My questions are as follows:

  1. My initial example has only an intercept and sigma and when I try and add another X variable, I get an error message and I’m not sure why?

MethodError: no method matching LL_anon(::Array{Float64,2}, ::Array{Float64,1}, ::Float64, ::Float64, ::Float64)
Closest candidates are:
  LL_anon(::Any, ::Any, ::Any, ::Any) at In[297]:2
  LL_anon(::Array{Float64,1}, ::Array{Float64,1}, ::Any, ::Any) at In[113]:2
  LL_anon(::Any, ::Any, ::Any) at In[297]:4
  ...

Stacktrace:
 [1] (::##245#246)(::Array{Float64,1}) at .\In[299]:1
 [2] value!!(::NLSolversBase.NonDifferentiable{Float64,Array{Float64,1},Val{false}}, ::Array{Float64,1}) at C:\Users\dolacomb\.julia\v0.6\NLSolversBase\src\interface.jl:9
 [3] initial_state(::Optim.NelderMead{Optim.AffineSimplexer,Optim.AdaptiveParameters}, ::Optim.Options{Float64,Void}, ::NLSolversBase.NonDifferentiable{Float64,Array{Float64,1},Val{false}}, ::Array{Float64,1}) at C:\Users\dolacomb\.julia\v0.6\Optim\src\multivariate/solvers/zeroth_order\nelder_mead.jl:136
 [4] optimize(::NLSolversBase.NonDifferentiable{Float64,Array{Float64,1},Val{false}}, ::Array{Float64,1}, ::Optim.NelderMead{Optim.AffineSimplexer,Optim.AdaptiveParameters}, ::Optim.Options{Float64,Void}) at C:\Users\dolacomb\.julia\v0.6\Optim\src\multivariate/optimize\optimize.jl:25
 [5] #optimize#151(::Array{Any,1}, ::Function, ::Tuple{##245#246}, ::Array{Float64,1}) at C:\Users\dolacomb\.julia\v0.6\Optim\src\multivariate/optimize\interface.jl:62
 [6] #optimize#148(::Array{Any,1}, ::Function, ::Function, ::Array{Float64,1}) at C:\Users\dolacomb\.julia\v0.6\Optim\src\multivariate/optimize\interface.jl:52
 [7] optimize(::Function, ::Array{Float64,1}) at C:\Users\dolacomb\.julia\v0.6\Optim\src\multivariate/optimize\interface.jl:52
  1. If I change the start value in my original working example to [2.0,2.0] I get the following error message:
log will only return a complex result if called with a complex argument.
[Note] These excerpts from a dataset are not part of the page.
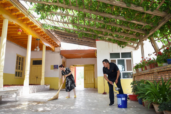 在新疆喀什地区疏附县阿亚格曼干村,村民阿卜都克尤木·肉孜(右)和妻子在打扫庭院(2022年6月10日摄)。(新华社记者 丁磊/摄)
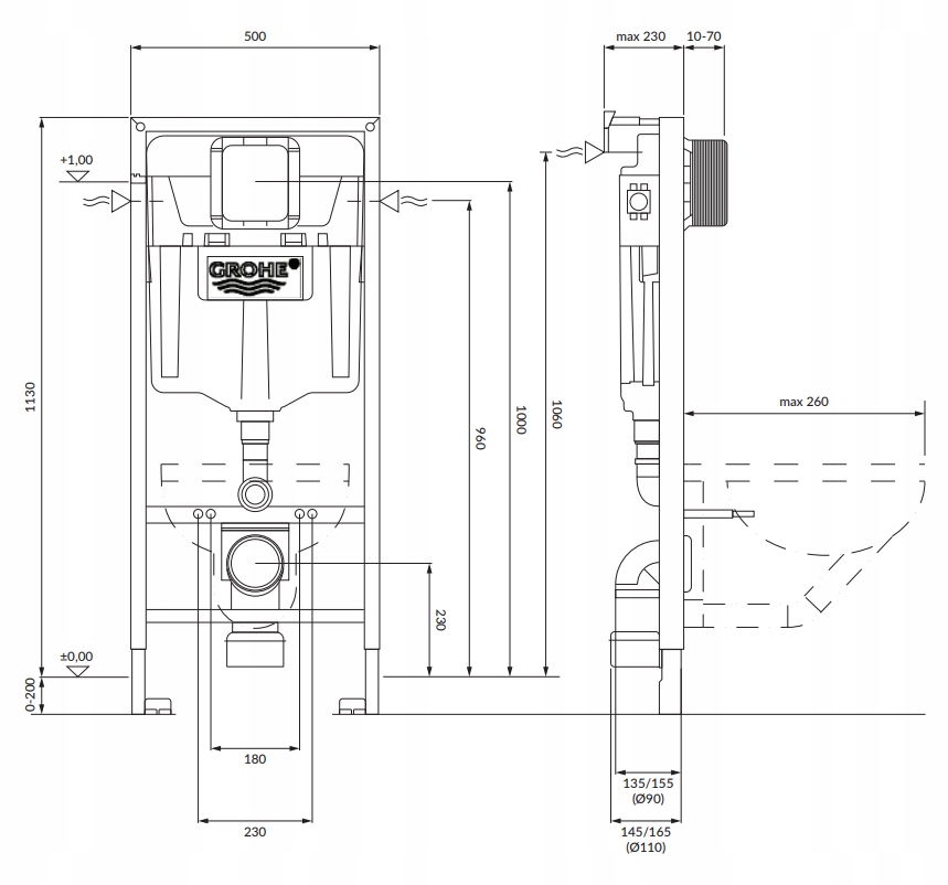 - Прихована сталева рама RAPID SL 2-в-1 для легка установка; висота: 113 см, ширина: 50 см, монтажна глибина: 13 - 23 см
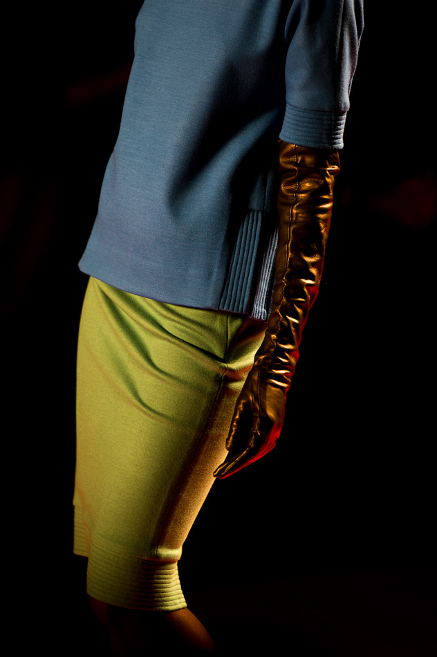 When I watch a runway show, I like to do things a little bit backward; instead of reading the provided notes before the show begins, I like to view the collection first to see if the impressions I had as a blank slate line up with what the designer had in mind. After all, when these clothes hit stores, they’re not going to come with a five paragraph explanation. In the case of Chadwick Bell Fall 2012, what was promised by the line sheet and what I saw in front of me were one and the same.
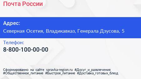 Почта России по адресу Северная Осетия, Владикавказ, Генерала Дзусова, 5 в дальнейшем Организация, размещена в следующих категориях:
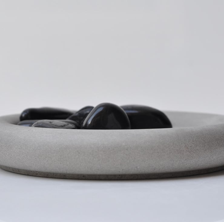 Hand-poured concrete shallow plate with a sleek, industrial-inspired design. Perfect as a decorative bowl, key tray, or modern centerpiece.

Try log(complex(x)).

Stacktrace:
 [1] nan_dom_err at .\math.jl:300 [inlined]
 [2] log at .\math.jl:419 [inlined]
 [3] LL_anon(::Array{Float64,2}, ::Array{Float64,1}, ::Float64, ::Float64) at .\In[302]:2
 [4] (::##251#252)(::Array{Float64,1}) at .\In[304]:1
 [5] value(::NLSolversBase.NonDifferentiable{Float64,Array{Float64,1},Val{false}}, ::Array{Float64,1}) at C:\Users\dolacomb\.julia\v0.6\NLSolversBase\src\interface.jl:19
 [6] update_state!(::NLSolversBase.NonDifferentiable{Float64,Array{Float64,1},Val{false}}, ::Optim.NelderMeadState{Array{Float64,1},Float64,Array{Float64,1}}, ::Optim.NelderMead{Optim.AffineSimplexer,Optim.AdaptiveParameters}) at C:\Users\dolacomb\.julia\v0.6\Optim\src\multivariate/solvers/zeroth_order\nelder_mead.jl:193
 [7] optimize(::NLSolversBase.NonDifferentiable{Float64,Array{Float64,1},Val{false}}, ::Array{Float64,1}, ::Optim.NelderMead{Optim.AffineSimplexer,Optim.AdaptiveParameters}, ::Optim.Options{Float64,Void}, ::Optim.NelderMeadState{Array{Float64,1},Float64,Array{Float64,1}}) at C:\Users\dolacomb\.julia\v0.6\Optim\src\multivariate/optimize\optimize.jl:51
 [8] optimize(::NLSolversBase.NonDifferentiable{Float64,Array{Float64,1},Val{false}}, ::Array{Float64,1}, ::Optim.NelderMead{Optim.AffineSimplexer,Optim.AdaptiveParameters}, ::Optim.Options{Float64,Void}) at C:\Users\dolacomb\.julia\v0.6\Optim\src\multivariate/optimize\optimize.jl:25
 [9] #optimize#151(::Array{Any,1}, ::Function, ::Tuple{##251#252}, ::Array{Float64,1}) at C:\Users\dolacomb\.julia\v0.6\Optim\src\multivariate/optimize\interface.jl:62
 [10] #optimize#148(::Array{Any,1}, ::Function, ::Function, ::Array{Float64,1}) at C:\Users\dolacomb\.julia\v0.6\Optim\src\multivariate/optimize\interface.jl:52
 [11] optimize(::Function, ::Array{Float64,1}) at C:\Users\dolacomb\.julia\v0.6\Optim\src\multivariate/optimize\interface.jl:52

Again, I’m not sure why this is happening and since start values are very important I’d like to know how to overcome this issue.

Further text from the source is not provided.